TO DO => Unless a line falls after the one with "JUNIOR GIRLS BASKETBALL TEAM", retype it exactly from the records below; leave out all pictures.

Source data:
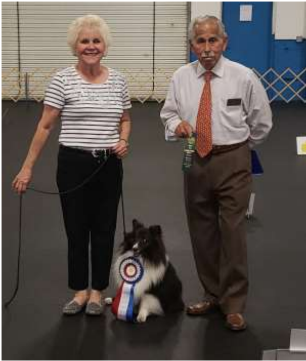
Simcos Midnight Dream UD, RAE, CGCA, TKA

Completed qualifying at ten shows for his Rally Master Title at our November 10th and 11th Rally Show.
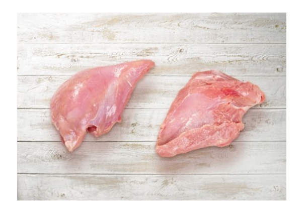
Turkey filet, 900-1000 g, Turkey fillet, skinless, without inner. Product code: FI 2336 FI 2490 over 1,2 kg
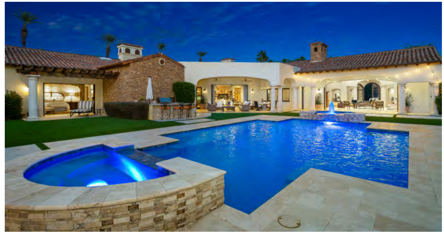
Rancho Mirage 5 Bed | 7 Full + 1 Half Bath | 7,480 Sq Ft | 1.31 Acre Lot $5,195,000 | Furnished
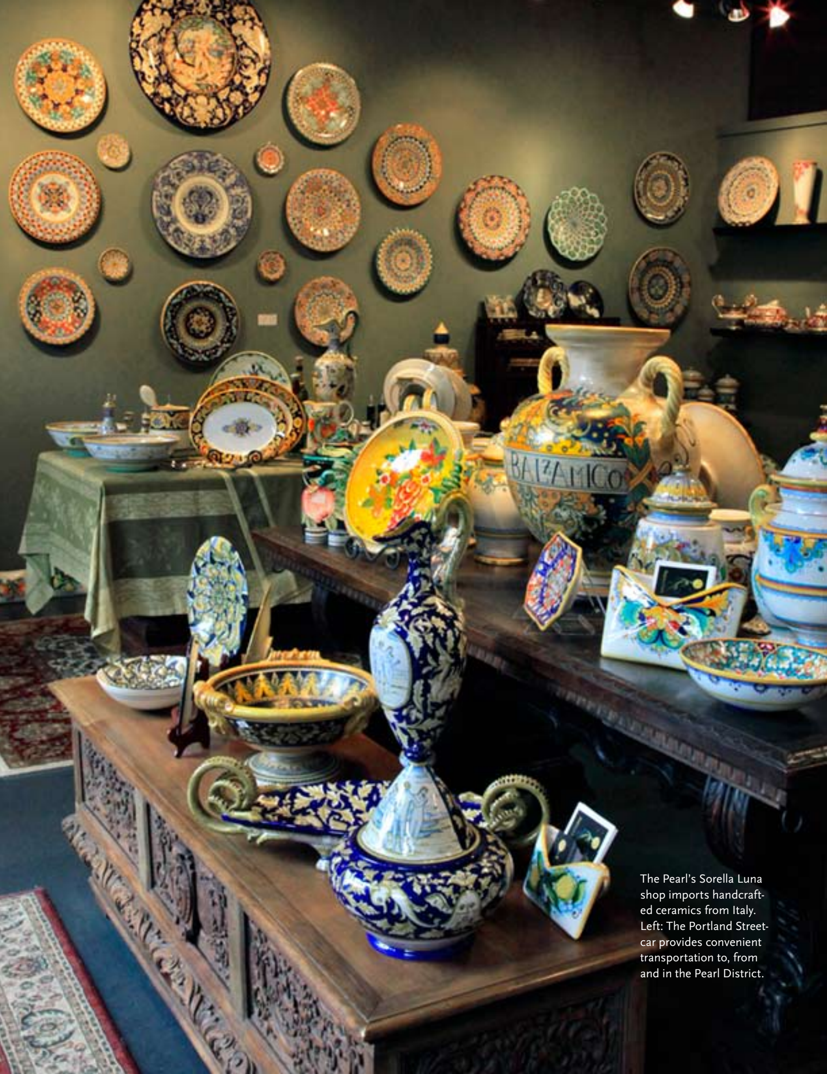
The Pearl's Sorella Luna shop imports handcrafted ceramics from Italy. Left: The Portland Streetcar provides convenient transportation to, from and in the Pearl District.
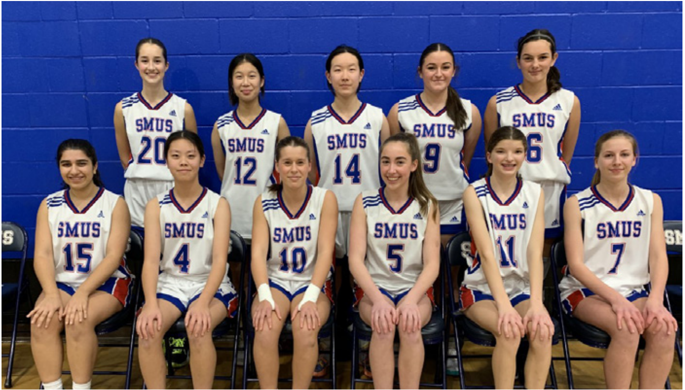
JUNIOR GIRLS BASKETBALL TEAM
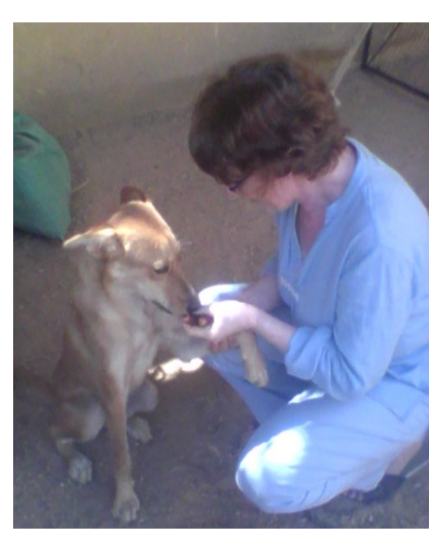
A reminder of how Dobby and Lucky looked when they were first treated at AWOL. They must be two of the luckiest dogs in Luxor!
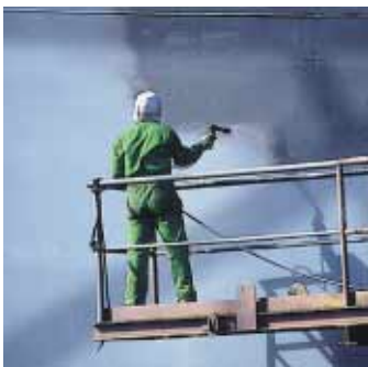
The large surface coverage provided by WIWA PROFESSIONAL pumps meets the high demands of the shipbuilding industry. High-pressure ratios avoid pressure loss over longer distances.
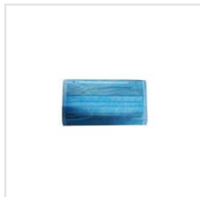
3 Ply Face Mask
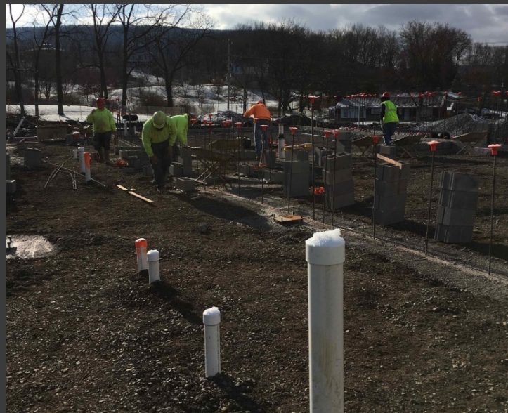
Lobar subcontractor installed interior foundation walls along the corridor in Unit D
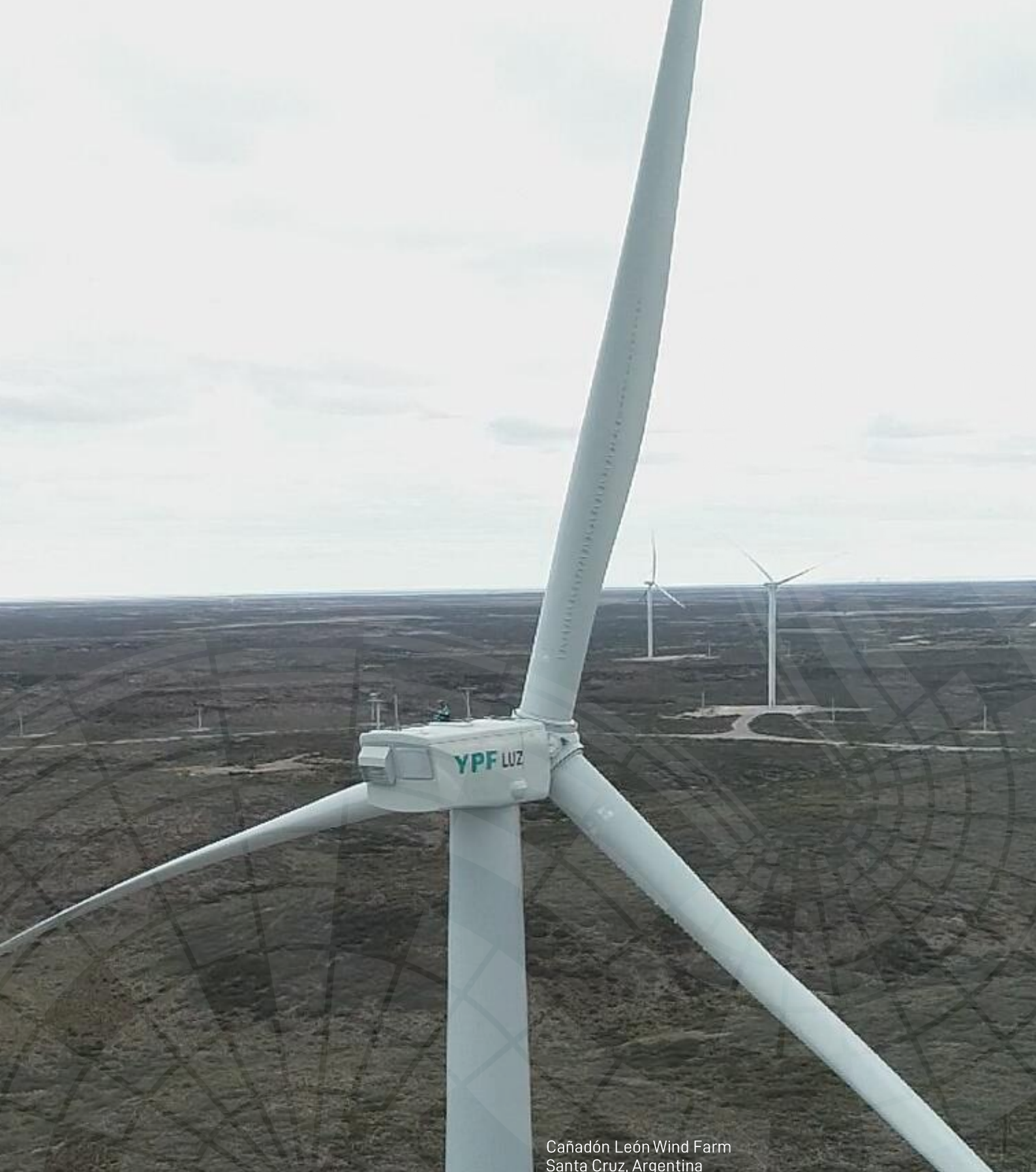
Cañadón León Wind Farm Santa Cruz, Argentina

ANSWER TO THE PROBLEM =>
Simcos Midnight Dream UD, RAE, CGCA, TKA

Completed qualifying at ten shows for his Rally Master Title at our November 10th and 11th Rally Show.
Turkey filet, 900-1000 g, Turkey fillet, skinless, without inner. Product code: FI 2336 FI 2490 over 1,2 kg
Rancho Mirage 5 Bed | 7 Full + 1 Half Bath | 7,480 Sq Ft | 1.31 Acre Lot $5,195,000 | Furnished
The Pearl's Sorella Luna shop imports handcrafted ceramics from Italy. Left: The Portland Streetcar provides convenient transportation to, from and in the Pearl District.
JUNIOR GIRLS BASKETBALL TEAM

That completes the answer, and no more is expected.